Seems times are tough all over. The US just passed in the House a bill that effectively repeals the 4th Amendment, and as usual any time some really terrible bit of freedom-abrogating law is passed in the States, people are talking about moving to Canada. However, I’m really hoping they’re just joking, because they’re going to find that increasingly difficult. See, the laughably named “Protect Canada’s Immigration System Act”, bill C-31, is probably going to pass due to the steamroller government in power at the moment.
This bill is laughably named because its entire purpose is protect Canada from refugee immigrants by putting them in jail for a year without review, preventing them from seeing their families for five years thereafter, and leaving their immigration status in question, all at the sole discretion of the Minister of Public Safety (presently, Vic Toews).
But certain countries can apparently be deemed safe, and their refugees or migrants will be fast-tracked. I’m not sure how that’s supposed to work — if they’re refugees, obviously the countries aren’t “safe”. I’m guessing it’s intended as a way to grant special status to certain countries for political purposes.
A group of primary care physicians oppose this bill on medical grounds, recognizing that refugees often have significant health problems that go untreated owing to their refugee status.
Take, for example, the case of Ms. J. who could be a patient in any one of our practices. She arrived in Canada on an overcrowded boat with her children, having escaped a war-torn nation where she witnessed the traumatic death of her politically active husband.
She is a poorly controlled diabetic, has flashbacks of her experiences, has difficulty sleeping, and has recently developed suicidal thoughts. Instead of allowing Ms. J. to go through a fair refugee claims process that might allow her protection, Kenney would rather put her in prison for up to a year, separate her from her children, keep her from reuniting with the rest of her family for five years and, even if accepted as a refugee, keep her immigration status in Canada uncertain.
At best, these policies are misguided and driven by ideology. At worst, they are intentionally cruel and inhumane.
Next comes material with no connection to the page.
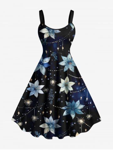 Plus Size Flower Insect Print Hawaii A Line Dress - Black - 3x

A coalition comprised of the Canadian Association of Refugee Lawyers, Amnesty International, the Canadian Civil Liberties Association, and the Canadian Council for Refugees, collectively known as the Justice for Refugees and Immigrants Coalition (JRIC), also strongly oppose this bill. Their grounds for opposition include the extraordinarily hasty timelines for filling the paperwork to prove immigrants’ claims, which would in many cases preclude the ability to seek legal advice; the lack of an independent advisory body for determining which countries are “safe” which could lead to cynical manipulation of the system for irrelevant concerns like politics or trade; and the specious grounds on which the proposed law is based (e.g. the “bogus claims” canard calling any refused claim fraudulent rather than simply insufficient). Most damningly, this coalition opposes the fact that any of the thousands of presently landed immigrants could have their immigration status called into question and find themselves subjected to this process — including the jail time, separation time, etc — at any time up until they obtain full citizenship.
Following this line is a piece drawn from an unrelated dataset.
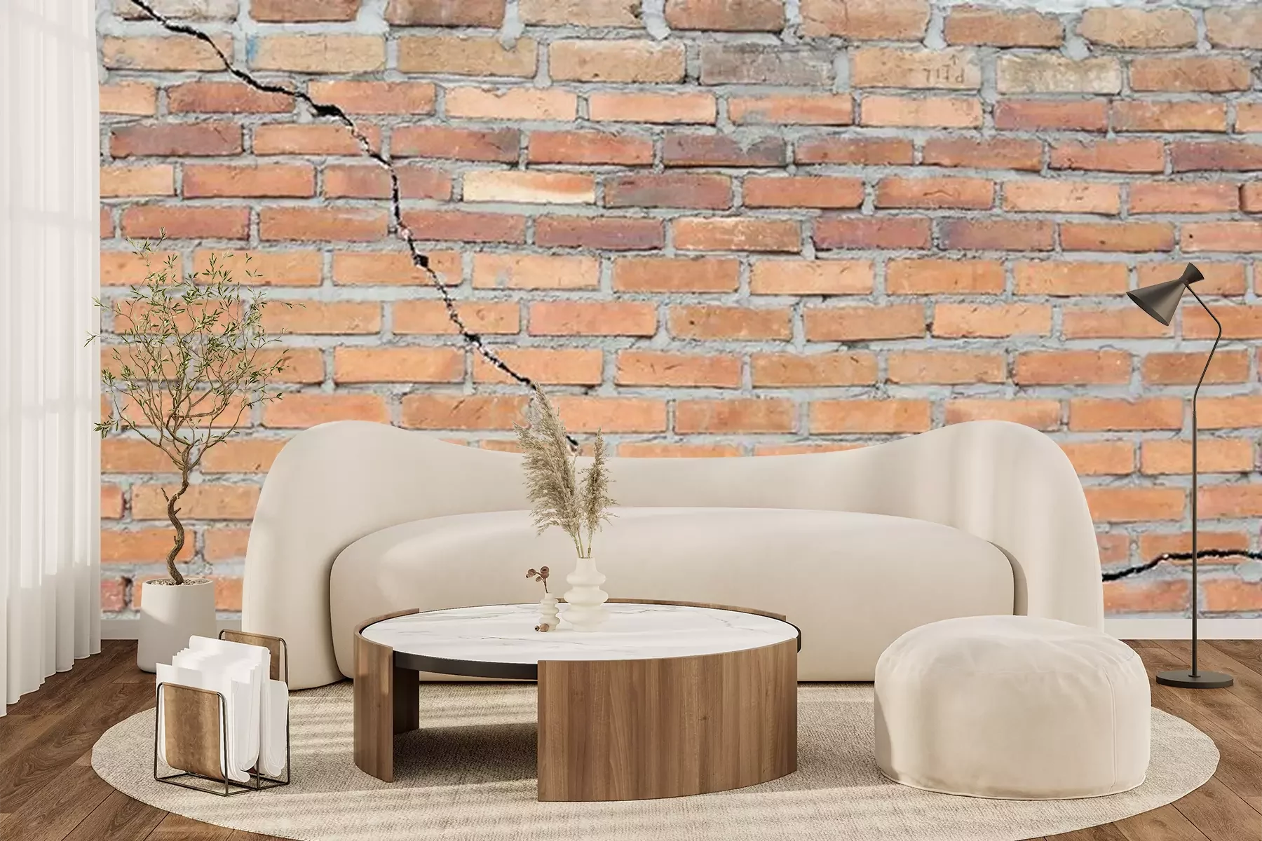 Papier peint  Fondations fissurées en briques

Bill C-31 permits the Minister to seek to revoke an individual’s refugee status anytime up until they gain citizenship, which will in turn result in the automatic rescission of permanent resident status and removal from Canada.
Bill C-31 undermines our commitment to resettle refugees and provide them with the security of permanent residence. Even if they are a permanent resident, the Minister can apply at any time for a finding that a refugee is no longer at risk in his or her former country. If the Minister is successful, the refugee will automatically lose both refugee status and permanent residence and will be immediately deportable from Canada. This provision will apply equally to those who made claims in Canada and those who were resettled here by the government or by private sponsorship groups like churches or cultural associations.
Someone who came to Canada under a refugee resettlement program over a decade ago and who has spent years building a life and family in this country could be stripped of his or her status and deported with no right of appeal.
The authority of the Minister to seek revocation is unconstrained by any stipulated criteria. Regardless of how often the Minister exercises this power, the threat of refugee status revocation and expulsion will hang over the heads of all refugees who have permanent residence but do not yet have citizenship. They will be denied the security that Canada has traditionally afforded refugees. This is inconsistent with Canada’s international legal obligations.
This status-stripping provision reverses a fundamental objective of Canada’s long-standing refugee policy to promptly integrate refugees in order to get on with lives and to fully contribute to Canadian society.
To me, while every provision of this law is detrimental to the very fabric of Canada, this last objection is the most painful. People who have immigrated, who have contributed to Canadian society both materially in taxes and by the sweat of their brow, would chance get thrown out because they aren’t yet citizens. This is as close to “papers, please” as I think this country could get without becoming the sort of place where one might need to seek refugee status in another country.
If we can’t provide safe harbor for people from war-torn countries even after a decade of them rebuilding their lives here, what kind of country are we?